Human-AI Alignment of Multimodal Large Language Models with Speech-Language Pathologists in Parent-Child Interactions

from arxiv, This is an earlier version of the work released in May 2025. The version accepted at CHI 2026 is available as a separate preprint at arXiv:2511.04366

Joint attention is a critical marker of early social-communicative development, yet remains difficult for caregivers to assess without expert guidance. In this work, we explore how multimodal large language models (MLLMs) can be aligned with the reasoning processes of speech-language pathologists (SLPs) to support the interpretation of everyday parent-child interactions. We conducted in-depth interviews and video annotation studies with three experienced SLPs to uncover how they evaluate joint attention based on three core behavioural cues: gaze, action, and vocalisation. Using these insights, we developed a two-stage MLLM-based system that first extracts fine-grained behavioural descriptions from video segments and then judge joint attention quality using expert-aligned prompts. Our evaluation across 26 parent-child interaction videos shows that MLLMs can achieve up to 85% accuracy in perceptual cue extraction and over 75% average precision in simulating expert judgement. We further propose design guidelines for building MLLM-based behaviour observation-judgement systems that align with SLPs, emphasising the structuring of behavioural cues, the construction of exemplar libraries grounded in expert annotations, and the need to personalise system responses based on developmental stage and neurotypical or atypical presentation.

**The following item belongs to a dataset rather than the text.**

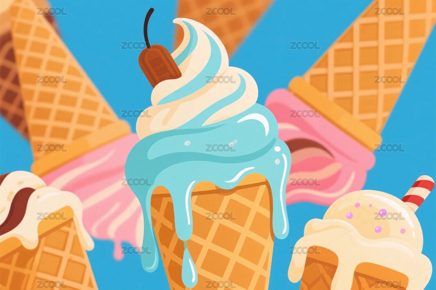 夏日清凉各款冰淇淋美食背景

This work provides structured behavioural cues derived from SLP expertise, demonstrates the feasibility of aligning SLPs observation and judgement using MLLMs, and offers practical design guidelines for building aligned systems to support parent-child interaction analysis.

翻译：共同注意是早期社会沟通发展的关键指标，但若无专家指导，照护者仍难以对其进行评估。本研究探讨了如何将多模态大语言模型与言语病理学专家的推理过程对齐，以支持对日常亲子互动的解读。我们通过对三位经验丰富的言语病理学专家进行深度访谈和视频标注研究，揭示了他们如何依据注视、动作和发声这三个核心行为线索来评估共同注意。基于这些洞见，我们开发了一个两阶段的多模态大语言模型系统：首先从视频片段中提取细粒度的行为描述，然后使用与专家对齐的提示词来评判共同注意的质量。在26段亲子互动视频上的评估表明，多模态大语言模型在感知线索提取方面可达85%的准确率，在模拟专家判断方面平均精度超过75%。我们进一步提出了构建与言语病理学专家对齐的多模态大语言模型行为观察-评判系统的设计指南，强调行为线索的结构化、基于专家标注构建范例库的必要性，以及根据发展阶段和神经典型或非典型表现来个性化系统回应的需求。本研究提供了源自言语病理学专家知识的结构化行为线索，论证了使用多模态大语言模型对齐专家观察与判断的可行性，并为构建支持亲子互动分析的对齐系统提供了实用的设计指导。